■ THE PROBLEM
Pictures are to be omitted. Output only the lines from the one containing "Los resultados de" through the end of the data, word for word.

■ RECORDS FOR THIS EXERCISE
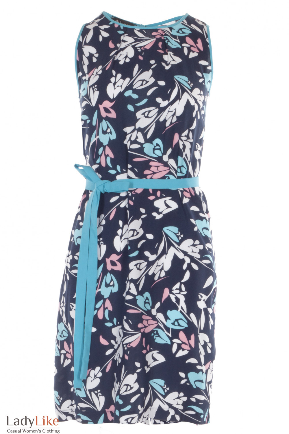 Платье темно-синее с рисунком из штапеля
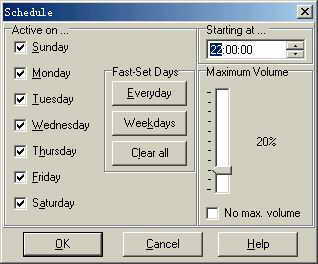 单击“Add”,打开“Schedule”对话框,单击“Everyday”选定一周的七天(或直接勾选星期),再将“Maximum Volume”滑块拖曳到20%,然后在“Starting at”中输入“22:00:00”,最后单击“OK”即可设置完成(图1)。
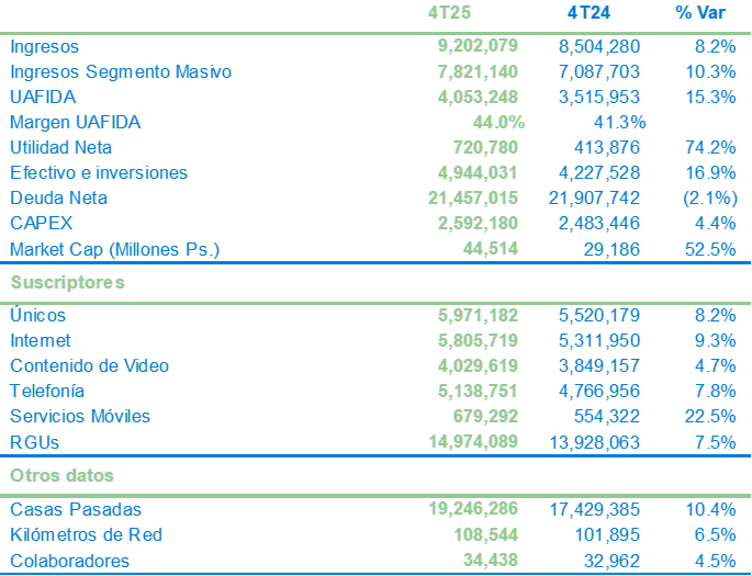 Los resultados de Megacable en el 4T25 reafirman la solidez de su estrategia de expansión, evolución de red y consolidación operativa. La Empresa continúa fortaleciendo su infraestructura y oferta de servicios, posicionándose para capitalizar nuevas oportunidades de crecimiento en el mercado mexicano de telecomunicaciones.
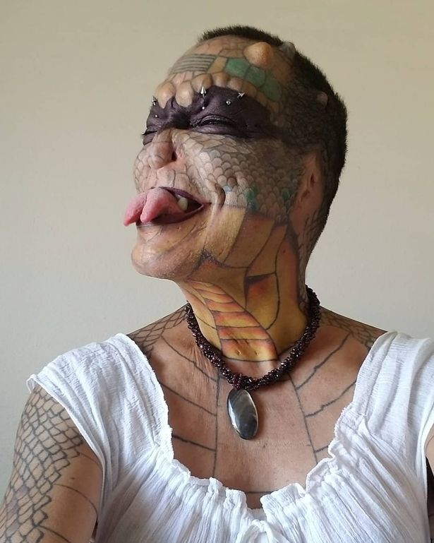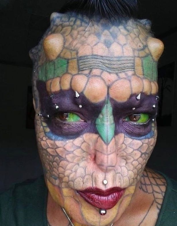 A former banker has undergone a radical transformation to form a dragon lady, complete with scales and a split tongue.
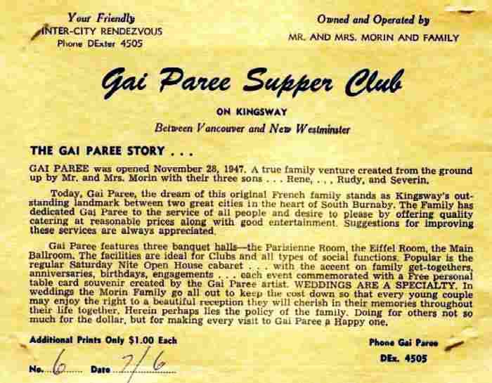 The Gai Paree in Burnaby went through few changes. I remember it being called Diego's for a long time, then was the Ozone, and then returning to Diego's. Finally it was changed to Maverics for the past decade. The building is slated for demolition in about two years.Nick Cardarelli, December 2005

■ RESPONSE AREA
 Los resultados de Megacable en el 4T25 reafirman la solidez de su estrategia de expansión, evolución de red y consolidación operativa. La Empresa continúa fortaleciendo su infraestructura y oferta de servicios, posicionándose para capitalizar nuevas oportunidades de crecimiento en el mercado mexicano de telecomunicaciones.
 A former banker has undergone a radical transformation to form a dragon lady, complete with scales and a split tongue.
 The Gai Paree in Burnaby went through few changes. I remember it being called Diego's for a long time, then was the Ozone, and then returning to Diego's. Finally it was changed to Maverics for the past decade. The building is slated for demolition in about two years.Nick Cardarelli, December 2005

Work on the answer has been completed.